Key exclusion criteria:

The presence of any of the following excludes a subject from study enrollment:

History of anaphylaxis or Type 1 hypersensitivity reaction to agalsidase alfa or agalsidase beta
History of renal dialysis or transplantation
Linear negative slope of eGFR of ≥ 2 mL/min/1.73m^2/year based on at least 4 serum creatinine values over approximately 2 years (including the value obtained at the screening visit)
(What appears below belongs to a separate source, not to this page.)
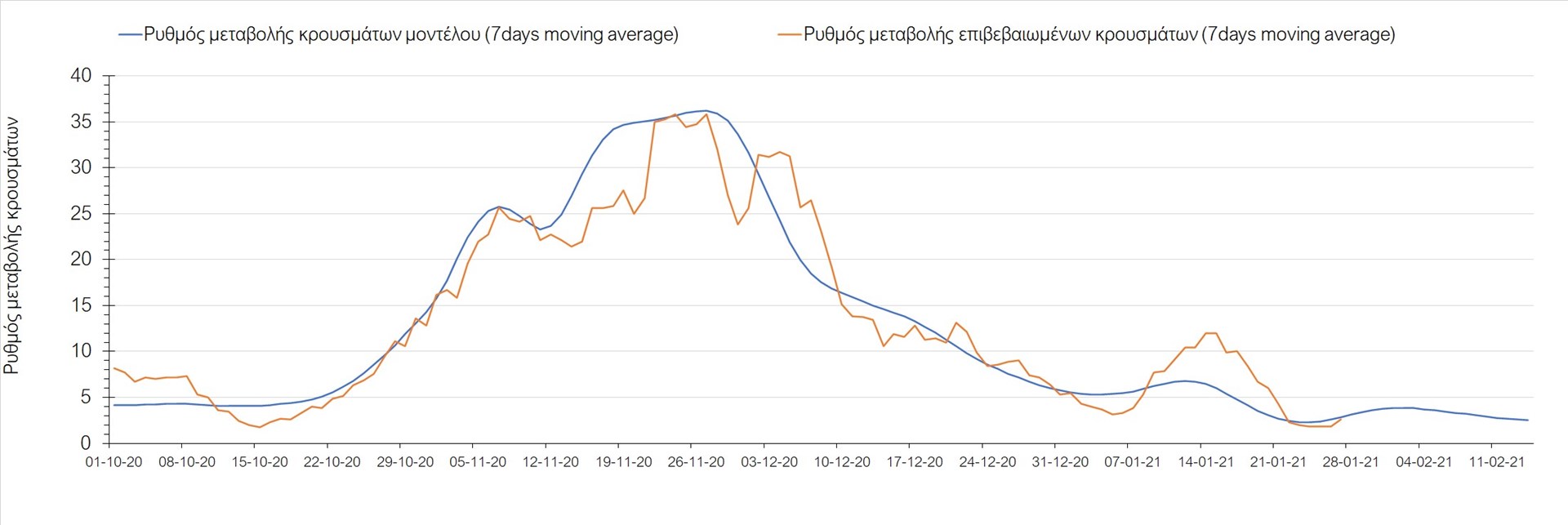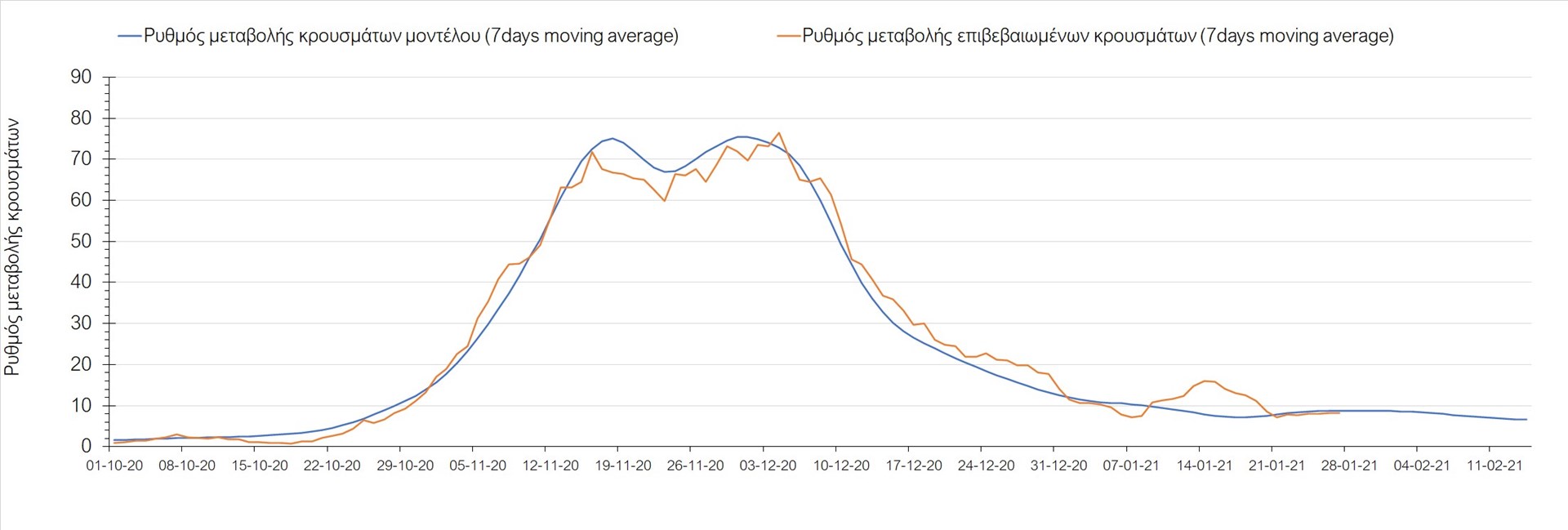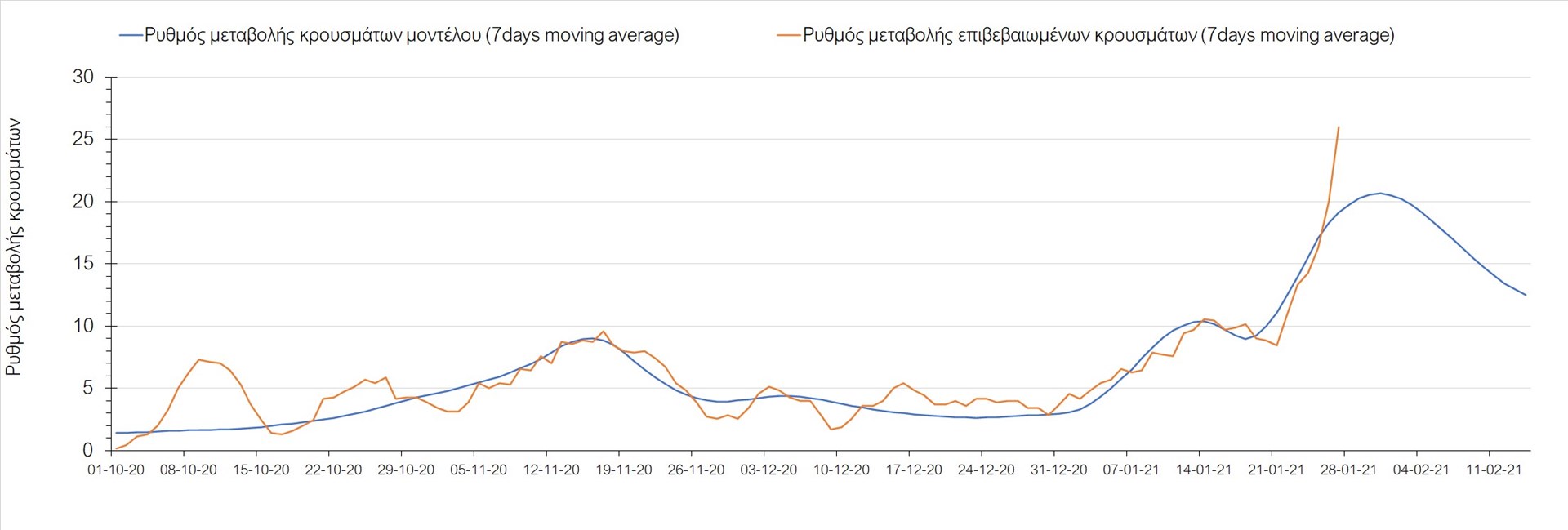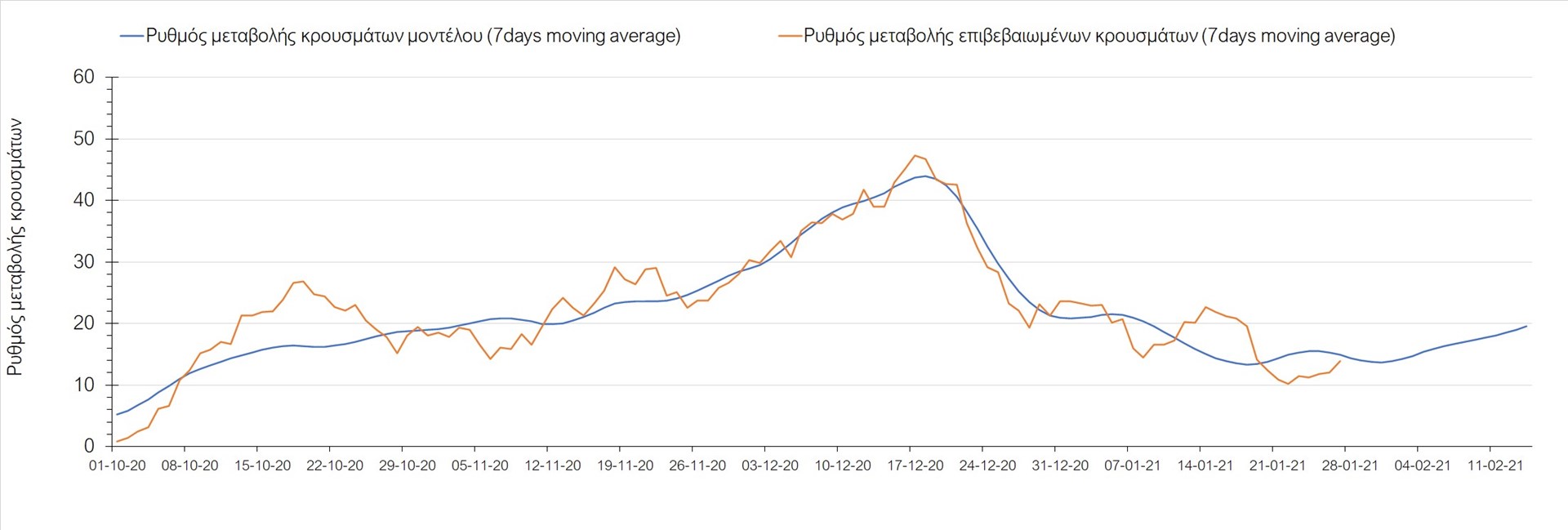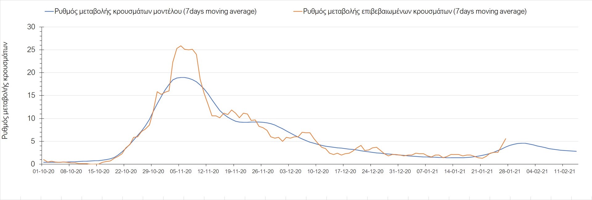Όπως φαίνεται από το διάγραμμα, από τις 8 Ιανουαρίου έχουμε μια αύξηση κρουσμάτων μέχρι τις 11 Ιανουαρίου η οποία οφείλεται στη μείωση της περιστολής που σημειώθηκε στις γιορτές. Από τις 11 μέχρι τις 18 Ιανουαρίου προβλεπόταν μια μείωση κρουσμάτων λόγω της εφαρμογής του lockdown που είναι σε ισχύ και αυτήν την εβδομάδα και η οποία όντως παρατηρήθηκε. Εντούτοις, όπως είχαμε προβλέψει, από τις 23 Ιανουαρίου και έπειτα διαφαίνεται αύξηση στον κυλιόμενο μέσο όρο των κρουσμάτων, η οποία δυστυχώς είναι υψηλότερη από την αναμενόμενη.

History of acute kidney injury in the 12 months prior to screening, including specific kidney diseases (e.g., acute interstitial nephritis, acute glomerular and vasculitic renal diseases); non-specific conditions (e.g., ischemia, toxic injury); as well as extrarenal pathology (e.g., prerenal azotemia and acute post renal obstructive nephropathy)
Angiotensin converting enzyme (ACE) inhibitor or angiotensin receptor blocker (ARB) therapy initiated or dose changed in the 4 weeks prior to screening
Urine protein to creatinine ratio (UPCR) at screening > 0.5 g/g or mg/mg or 500 mg/g and not treated with an ACE inhibitor or ARB
Females who are pregnant, planning to become pregnant during the study, or are breast feeding
Cardiovascular event (myocardial infarction, unstable angina) in the 6-month period before screening
Cerebrovascular event (stroke, transient ischemic attack) in the 6-month period before screening
Presence of any medical, emotional, behavioral, or psychological condition that, in the judgment of the Investigator and/or Medical Director, would interfere with the patient's compliance with the requirements of the study.